• Task to carry out:
Find the line containing "Keep snacks cool" in the listing below; reproduce it and every line after, exactly. Skip pictures.

• Given data:
◇ ◇ ◇

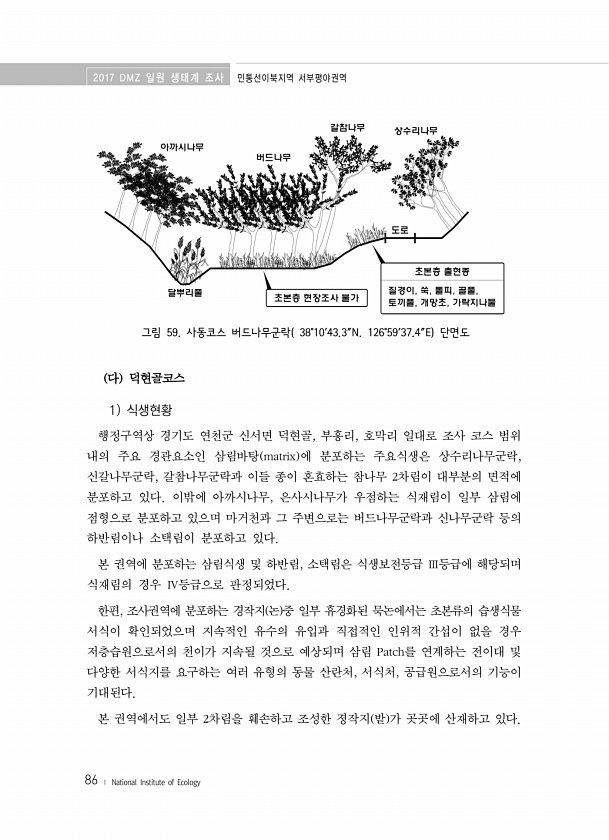 2017 DMZ 일원 생태계 조사 민통선이북지역 서부평야권역 86 ? National Institute of Ecology 그림 59. 사동코스 버드나무군락 38°10′43.3″N. 126°59′37.4″E 단면도 다 덕현골코스 1 식생현황 행정구역상 경기도 연천군 신서면 덕현골, 부흥리, 호막리 일대로 조사 코스 범위 내의 주요 경관요소인 삼림바탕 matrix 에 분포하는 주요식생은 상수리나무군락, 신갈나무군락, 갈참나무군락과 이들 종이 혼효하는 참나무 2차림이 대부분의 면적에 분포하고 있다. 이밖에 아까시나무, 은사시나무가 우점하는 식재림이 일부 삼림에 점형으로 분포하고 있으며 마거천과 그 주변으로는 버드나무군락과 신나무군락 등의 하반림이나 소택림이 분포하고 있다. 본 권역에 분포하는 삼림식생 및 하반림...
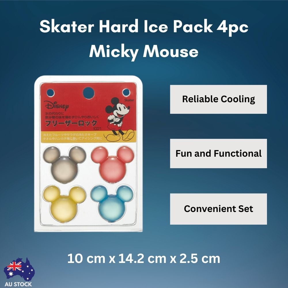 Keep snacks cool with Skater Hard Mickey Mouse Ice Packs, perfect for lunch boxes or picnics. They're 3.6 x 2.6 x 2.5 cm each, featuring Disney's Mickey Mouse and sealed with purified water in durable plastic for reliability.
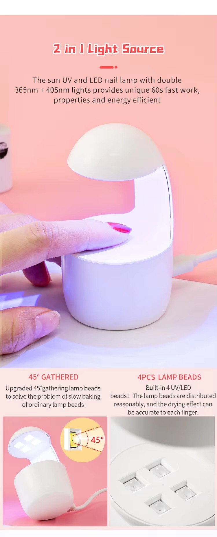 1)หลอดไฟเดียวแบบไร้สายแบบชาร์จไฟได้ 8W ผลิตภัณฑ์มี 4 UV/LED นำเข้าชิปโคมไฟขนาดใหญ่, 1 อันดับแรกของประสิทธิภาพ 8 วินาทีเพื่อให้แห้งทาเล็บสี, 12 วินาทีเพื่อให้ชั้นปิดผนึกของทาเล็บ ความยาวคลื่นของลูกปัดโคมไฟ (365 + 405Nm) กาวอบพลังงานสูงโดยไม่มีจุดสิ้นสุดตายกำลังสูง

◇ ◇ ◇

• Answer for the task:
 Keep snacks cool with Skater Hard Mickey Mouse Ice Packs, perfect for lunch boxes or picnics. They're 3.6 x 2.6 x 2.5 cm each, featuring Disney's Mickey Mouse and sealed with purified water in durable plastic for reliability.
 1)หลอดไฟเดียวแบบไร้สายแบบชาร์จไฟได้ 8W ผลิตภัณฑ์มี 4 UV/LED นำเข้าชิปโคมไฟขนาดใหญ่, 1 อันดับแรกของประสิทธิภาพ 8 วินาทีเพื่อให้แห้งทาเล็บสี, 12 วินาทีเพื่อให้ชั้นปิดผนึกของทาเล็บ ความยาวคลื่นของลูกปัดโคมไฟ (365 + 405Nm) กาวอบพลังงานสูงโดยไม่มีจุดสิ้นสุดตายกำลังสูง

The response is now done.